Poor Steven Spielberg could be staring at one of his all-time biggest flops. The man who ruled the box office with an iron fist as a director for three decades has dealt with more erratic success over the last 12 years, ever since his esoteric rom-com meditation “The Terminal” (pretty solid movie, definitely worth checking out) landed softer than expected in the summer of 2004. Spielberg continues to rake in serious cash as a producer — “Jurassic World,” those painful “Transformers” movies, etc. It’s not as if his bank account is hurting. Still, Hollywood has taken notice that the maestro “maximilist” (Variety‘s term for his four-quadrant popcorn fare) may have lost his golden touch as a helmer. The soft opening for the $140 million-budgeted “BFG” is surprising, especially over a kid-friendly holiday weekend. “Finding Dory” seems to have cornered the market on kiddie fare for now, we’ll have to see if “BFG” can post good holds in the weeks ahead. My thought is it will, but even if it were to take in five times its initial gross (which would be quite a stellar showing for anything opening in 3K+ theaters), it would miss the $100 million mark domestically.

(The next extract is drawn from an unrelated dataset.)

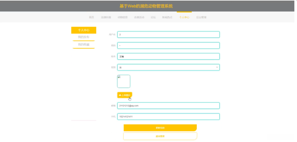 个人中心:在个人中心页面通过填写个人详细信息进行信息更新操作,还可以对我的发布、我的收藏进行相应操作;个人中心页面如图5-7所示:
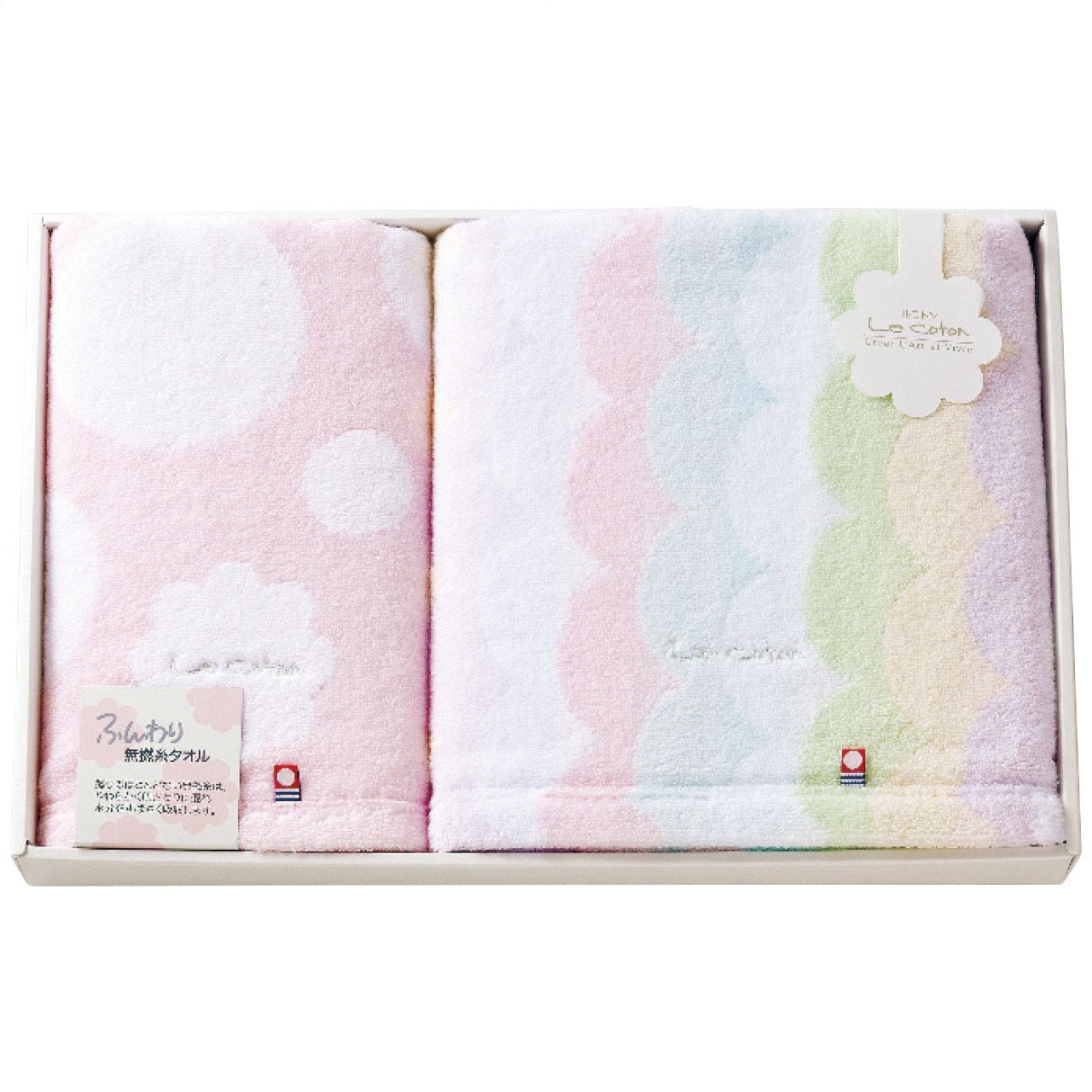 現品サイズ・内容:60×120cmバスタオル1枚・34×80cmフェイスタオル1枚・綿100%・[日本製]

5. “Independence Day: Resurgence” (PG-13, 4,091) —
What Went Down (Four-Day): #5, $21.7 second weekend (-47.2%)
What Went Down (Three-Day): #5, $16.7 million second weekend (-59.3%)

“ID4-2” is collapsing as quickly as I was expecting. By next weekend, “Central Intelligence” will lap it on the charts, despite being a week older and playing in nearly a thousand fewer theaters (currently, the disparity is 4,091 theaters for “Resurgence” and 3,166 for “Central Intelligence”). “Intelligence” dipped just 15.2% in its four-day holiday take from last weekend’s three-day gross, for a $15.4 million showing. “Resurgence” boasts a massive budget of $165 million, and its $77.8 take must be a discouraging two-week sum for Fox’s shareholders. The Fresh Prince-free alien epic should still limp past the $100 million mark, but just barely. But never fear: it has taken in $266.5 and counting internationally. The number is disappointing, but not wholly disastrous, it has an outside shot at pulling in $400 million worldwide before all is said and done, but it’s more likely that “Resurgence” wraps up closer to $350 million. This may spell doom for its planned follow-up. Thank goodness for that.